Use Java 8 streams for handling very large data

7 minute read

Understanding the scenario

Not so long, I saw a problem that says something like

Based on a very large list of Integer values as input, try to find all missing Integer values having in count that you have only left 2 Gbs of RAM.

Firstly, it intrigued me the fact that I had to have in count 2 Gbs of RAM, but probably that was just to bear in mind the size of Integer as a data structure and how many of them could I create before depleting the memory (Memory Overflow). To calculate the maximum amount of Integers we should be able to create, I used the following constant:

private static final int MAX_CAPACITY = BigInteger.valueOf(2)
            .multiply(BigInteger.valueOf(1073741824))
            .divide(BigInteger.valueOf(Integer.BYTES))
            .intValue()
  • Integer.BYTES returns the amount of memory in bytes each Integer variable will occupy, which depends on the Java Platform. In my Java 8 (64 bits architecture) it is 32 bits, which is 4 bytes.
  • 1024 bytes is 1 Kb, multiplied by 1024 again is the amount of Mb, which multiplied by 1024 is the amount of Gbs, which is 1,073,741,824
  • I multiplied that number by 2 because to represent the maximum of 2 Gb to occupy.

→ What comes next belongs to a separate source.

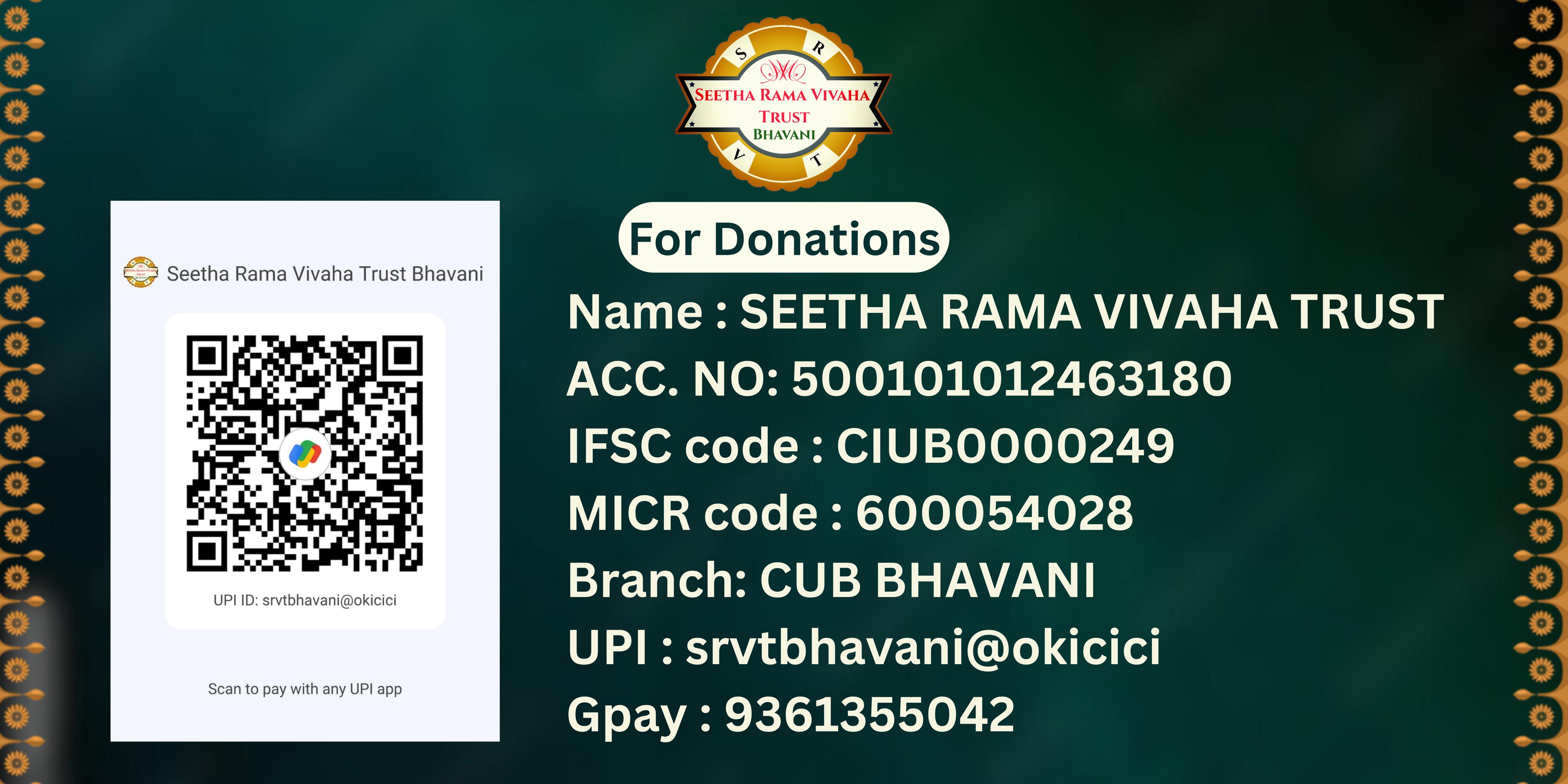 Seetha Rama Vivaha Trust (SRVT) is a registered charitable trust to organise Seetha Rama Vivaha Mahotsavam in Bhajanai Sampradhaya Paddathi at Bhavani every year during the month of July by engaging eminent Bagavathas group. SRVT honours and rewards senior and downtrodden bagavathas in all categories during the Seetha Rama Vivaha Mahotsavam. SRVT Propagates the effect of namasankeerthanam to all youngsters of existing and next generation by encouraging them to be involved in all type of spiritual functions. SRVT provides assistance to public due to sufferings happen by natural calamities irrespective of casts, sex and religion. The Benifits of the trust are open to all irrespective of caste, sex, etc. and the trust will not carry on any activity with an intention of earning profit.

Afterwards I divided it by Integer.BYTES to determinate the amount of Integer values I can affore.
  • I had to use BigInteger to be able to make such division correctly.

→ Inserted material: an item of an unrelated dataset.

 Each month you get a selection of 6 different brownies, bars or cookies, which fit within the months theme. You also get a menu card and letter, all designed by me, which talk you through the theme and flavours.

In order to find the missing Integer values that are not in the input list I had to implement a function called findMissingIntegers, so I can print them later

final List<Integer> result = findMissingIntegers(Arrays.asList(
        2, 4, 6, 1, 14
));

result.forEach(System.out::println);

At the end I expect that the variable result contained a list of all those Integer values I wanted to work with.

Calculate a very large input and output using a List in Java

(Eventually bad solution) By instinct the first that will come to most developer’s mind is to obtain a final definitive response, probably boxed into a List. My version of that solution was something like

    static List findMissingIntegers(List<Integer> inputIntegers) {
        List result = new ArrayList<Integer>(MAX_CAPACITY);                                     #1

        Collections.sort(inputIntegers);                                                        #2

        Integer previous = Integer.MIN_VALUE;
        Integer foundInts = 0;
        for (Integer i : inputIntegers) {
            if (i - previous > 1) {                                                             #3
                addNumbersRangeToList(result, previous + 1, i - 1);                             #4

                foundInts += i - previous;                                                      #5
                if (foundInts >= MAX_CAPACITY) {                                                #6
                    System.out.printf("Maximum arrived %d of Integers%n", foundInts);
                    return result;                                                              #7
                }
            }
            previous=i;
        }

        final int MAX_NUMBERS_LEFT_TO_ADD = MAX_CAPACITY - foundInts;                           #8

        addNumbersRangeToList(                                                                  #9
            result, previous + 1,
            Math.max(previous + MAX_NUMBERS_LEFT_TO_ADD, Integer.MAX_VALUE)
        );

        return result;                                                                          #10
    }

    private static void addNumbersRangeToList(List<Integer> list, Integer start, Integer end) {
        if (start == end) {
            list.add(start);
        } else {
            IntStream.rangeClosed(start, end).forEach(list::add);
        }
    }
  1. This is the amount of RAM that needs to be allocated.
  2. I used the the java.util.Arrays.sort that guarantees since Java 7 a O(n log n) performance, which is much better than iterating over n elements and search if that element is contained in the input array, which will be unordered and is prone to actually have a BigO(n) complexity to find if an element is contained.
  3. As the input is ordered, it eases the searching of an Integer i in the closed range [Integer.MIN_VALUE, Integer.MAX_VALUE], which is where the input array is contained. We can see check chunks of data, based on the difference of the previous value gotten from the input to the current one. For instance, if the first value of the input is -2, then we can add easly from Integer.MAX_MIN to -1 to the list of missing Integers, which saves a big amount of calculation for sure.
  4. Add in one step all the numbers not found from the last one found form the input, to the next one following. It saves us from checking one by one.
  5. The variable to count the amount of Integers increases based on the number of numbers we just added.
  6. The previous checking was important to verify we are not surpassing the allowed amount of memory for allocating these Integer values.
  7. Ends the process if we have reached that maximum amount of allowed memory to use for storing the final Integer values.
  8. Calculates the maximum amount of numbers that is possible to add.
  9. Adds in one step all numbers after the one found to the maximum allowed number in Java for Integer.
  10. Returns the result containing all the missing Integer values, based on the input.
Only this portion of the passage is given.